## Work to be completed
Look through the data below and output, unchanged, every line from the one holding "1885年新約全書 馬可福音 2 章 6 節到 2 章 17 節" through the one holding "我媽她其實已經被痔瘡 困擾一段時間了 只是一直很害怕動手術", inclusive. Skip the pictures.

## Provided information
======
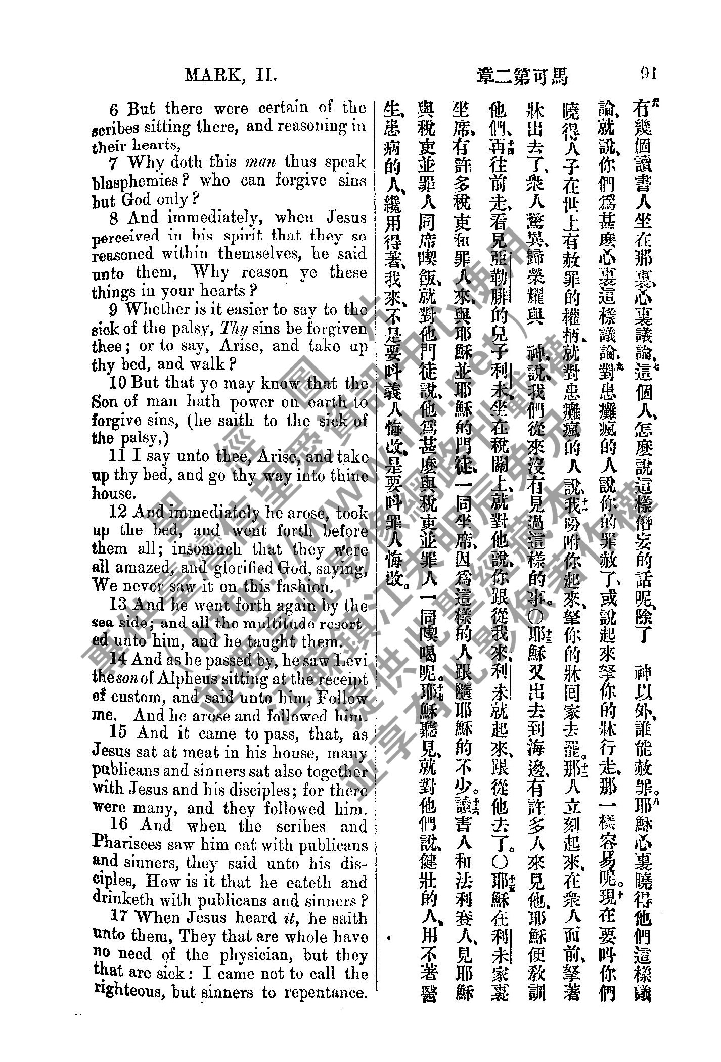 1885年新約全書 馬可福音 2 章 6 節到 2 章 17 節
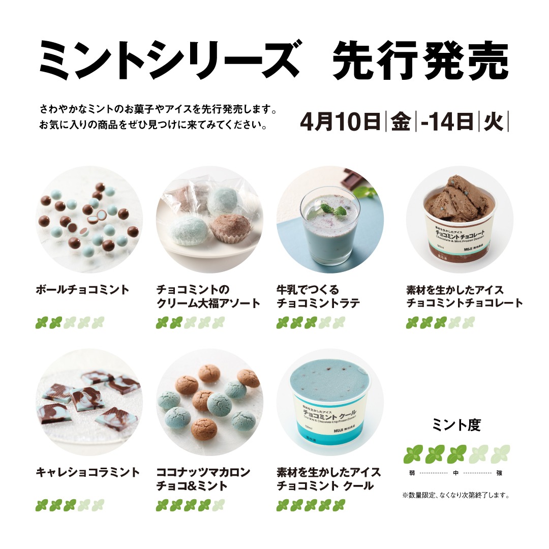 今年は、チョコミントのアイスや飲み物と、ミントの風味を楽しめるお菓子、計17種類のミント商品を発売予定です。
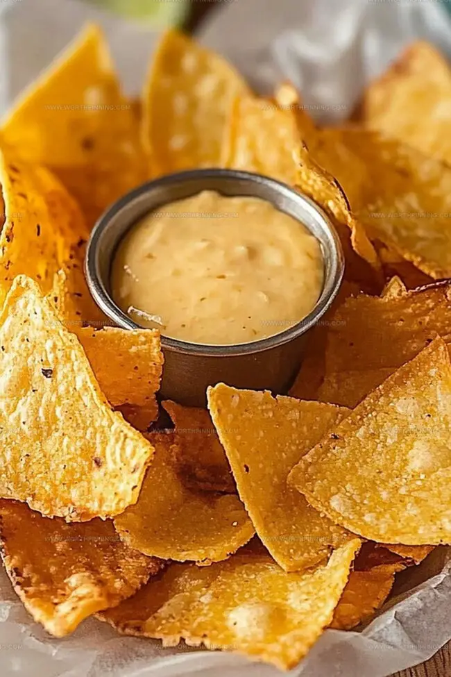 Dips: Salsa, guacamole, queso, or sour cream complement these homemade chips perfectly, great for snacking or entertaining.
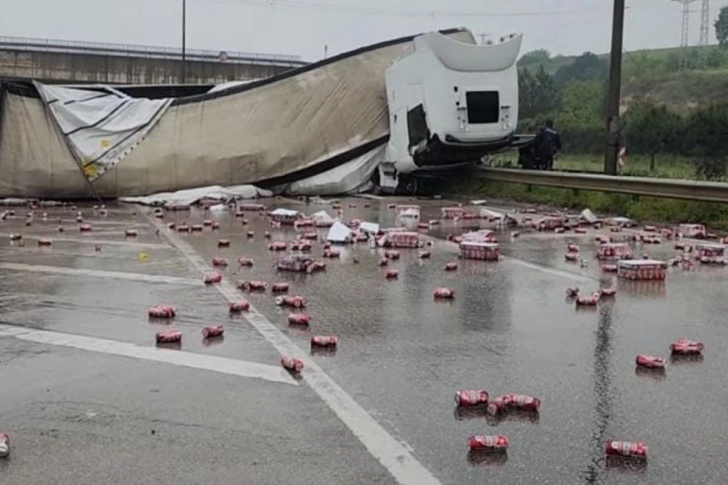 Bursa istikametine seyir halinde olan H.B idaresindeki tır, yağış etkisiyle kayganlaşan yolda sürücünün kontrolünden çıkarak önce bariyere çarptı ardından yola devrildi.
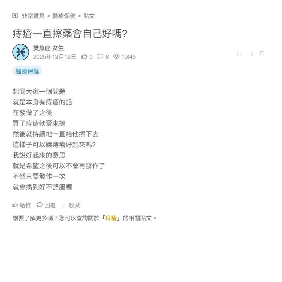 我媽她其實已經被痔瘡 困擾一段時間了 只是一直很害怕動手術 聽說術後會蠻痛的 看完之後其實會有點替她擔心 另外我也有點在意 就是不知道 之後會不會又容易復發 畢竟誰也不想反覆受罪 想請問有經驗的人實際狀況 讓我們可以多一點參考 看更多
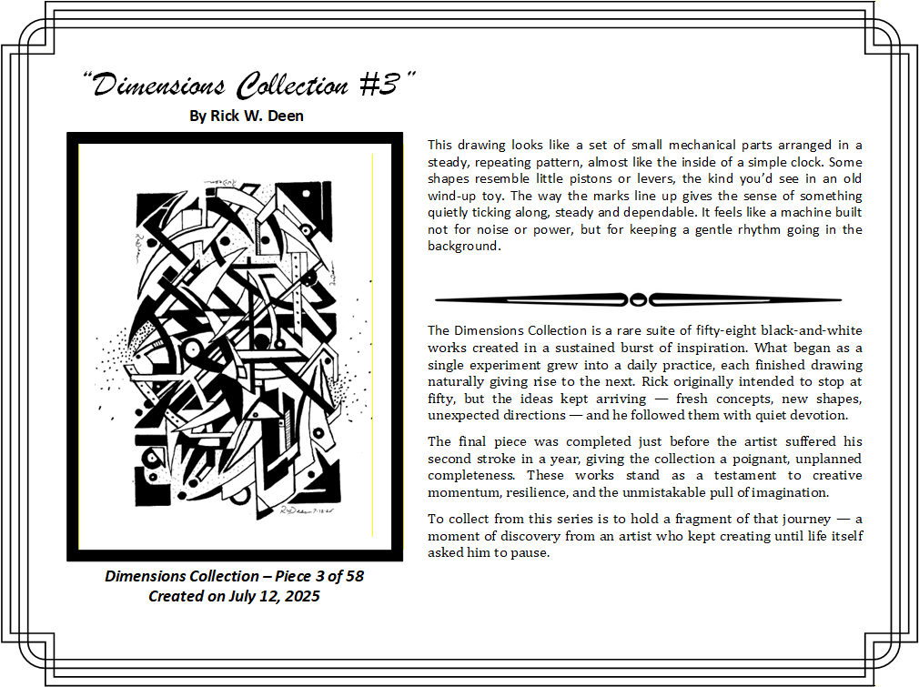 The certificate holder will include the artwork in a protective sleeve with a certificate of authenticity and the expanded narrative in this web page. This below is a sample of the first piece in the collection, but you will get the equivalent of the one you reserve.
======
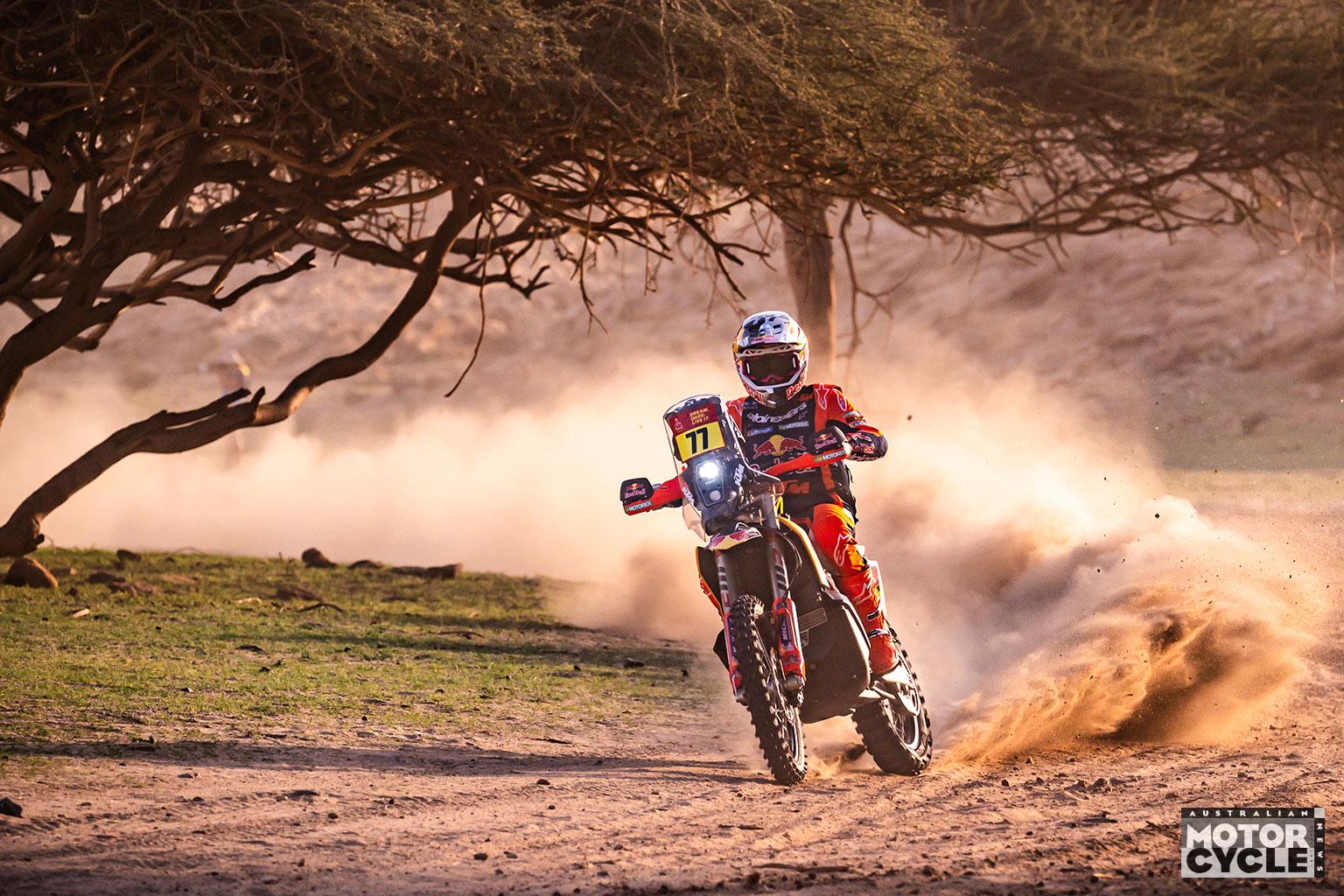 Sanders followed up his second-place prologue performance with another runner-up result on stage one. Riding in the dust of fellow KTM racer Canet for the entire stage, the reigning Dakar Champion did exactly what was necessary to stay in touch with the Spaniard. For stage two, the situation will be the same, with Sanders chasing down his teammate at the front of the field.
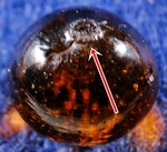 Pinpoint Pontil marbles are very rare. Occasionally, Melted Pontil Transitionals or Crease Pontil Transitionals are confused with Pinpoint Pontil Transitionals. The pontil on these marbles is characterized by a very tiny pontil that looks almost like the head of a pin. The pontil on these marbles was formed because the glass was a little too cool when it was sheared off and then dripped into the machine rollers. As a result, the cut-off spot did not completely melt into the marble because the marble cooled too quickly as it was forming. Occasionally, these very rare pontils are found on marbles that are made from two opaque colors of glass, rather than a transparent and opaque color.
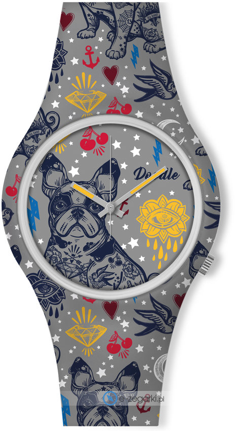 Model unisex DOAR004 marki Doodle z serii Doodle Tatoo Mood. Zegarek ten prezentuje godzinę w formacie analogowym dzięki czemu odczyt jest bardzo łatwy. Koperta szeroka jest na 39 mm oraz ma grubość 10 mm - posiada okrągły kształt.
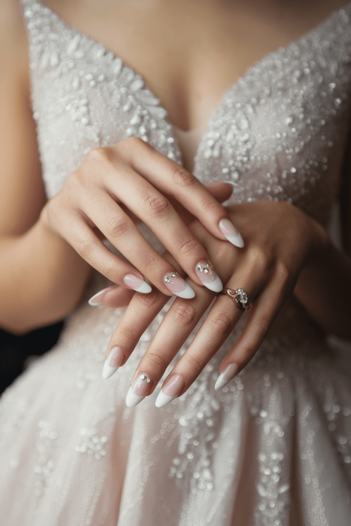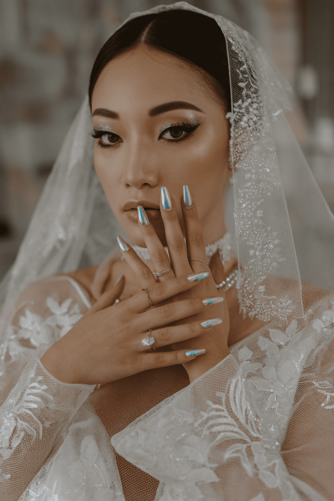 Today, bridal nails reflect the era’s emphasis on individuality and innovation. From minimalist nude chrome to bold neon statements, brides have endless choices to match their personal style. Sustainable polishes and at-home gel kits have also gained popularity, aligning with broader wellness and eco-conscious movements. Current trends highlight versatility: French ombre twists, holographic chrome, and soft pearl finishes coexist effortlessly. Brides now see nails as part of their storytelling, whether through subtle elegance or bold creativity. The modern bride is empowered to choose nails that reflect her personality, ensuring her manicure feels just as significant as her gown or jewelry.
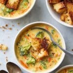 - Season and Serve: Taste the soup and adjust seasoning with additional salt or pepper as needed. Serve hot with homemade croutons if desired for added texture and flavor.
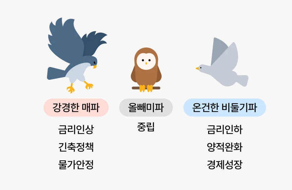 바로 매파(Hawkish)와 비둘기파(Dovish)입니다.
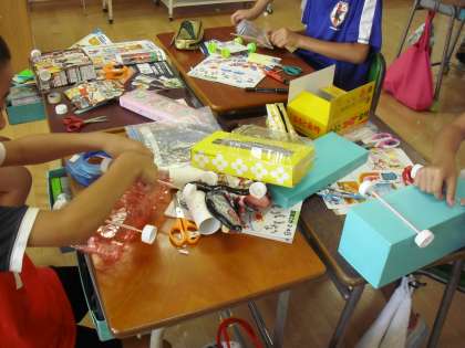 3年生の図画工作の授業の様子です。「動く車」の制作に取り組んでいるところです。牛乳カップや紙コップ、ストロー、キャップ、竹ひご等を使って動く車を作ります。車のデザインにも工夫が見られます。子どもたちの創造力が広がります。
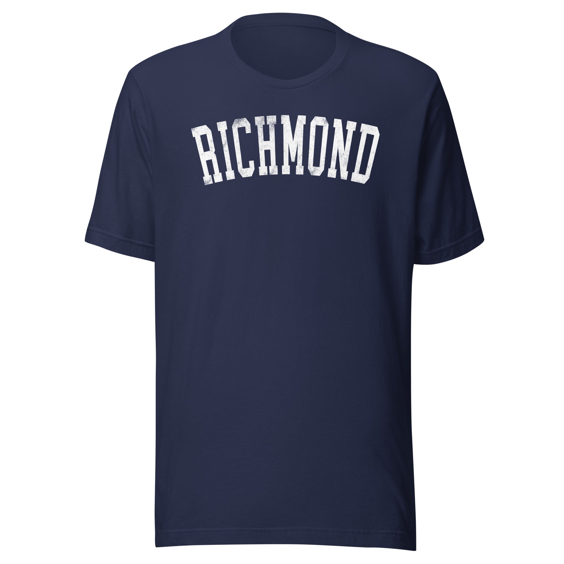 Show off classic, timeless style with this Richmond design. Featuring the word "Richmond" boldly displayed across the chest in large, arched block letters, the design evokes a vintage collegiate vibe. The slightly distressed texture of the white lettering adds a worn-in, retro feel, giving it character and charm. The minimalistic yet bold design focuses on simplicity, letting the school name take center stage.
======
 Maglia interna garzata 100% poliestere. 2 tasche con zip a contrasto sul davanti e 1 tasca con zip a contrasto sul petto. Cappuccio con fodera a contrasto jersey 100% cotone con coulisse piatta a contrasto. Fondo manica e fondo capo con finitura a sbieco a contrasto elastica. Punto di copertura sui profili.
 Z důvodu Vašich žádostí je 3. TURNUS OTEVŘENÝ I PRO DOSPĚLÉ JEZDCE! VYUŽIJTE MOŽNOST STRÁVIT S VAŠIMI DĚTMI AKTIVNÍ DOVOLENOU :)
======
## Result of the exercise
 1885年新約全書 馬可福音 2 章 6 節到 2 章 17 節
 今年は、チョコミントのアイスや飲み物と、ミントの風味を楽しめるお菓子、計17種類のミント商品を発売予定です。
 Dips: Salsa, guacamole, queso, or sour cream complement these homemade chips perfectly, great for snacking or entertaining.
 Bursa istikametine seyir halinde olan H.B idaresindeki tır, yağış etkisiyle kayganlaşan yolda sürücünün kontrolünden çıkarak önce bariyere çarptı ardından yola devrildi.
 我媽她其實已經被痔瘡 困擾一段時間了 只是一直很害怕動手術 聽說術後會蠻痛的 看完之後其實會有點替她擔心 另外我也有點在意 就是不知道 之後會不會又容易復發 畢竟誰也不想反覆受罪 想請問有經驗的人實際狀況 讓我們可以多一點參考 看更多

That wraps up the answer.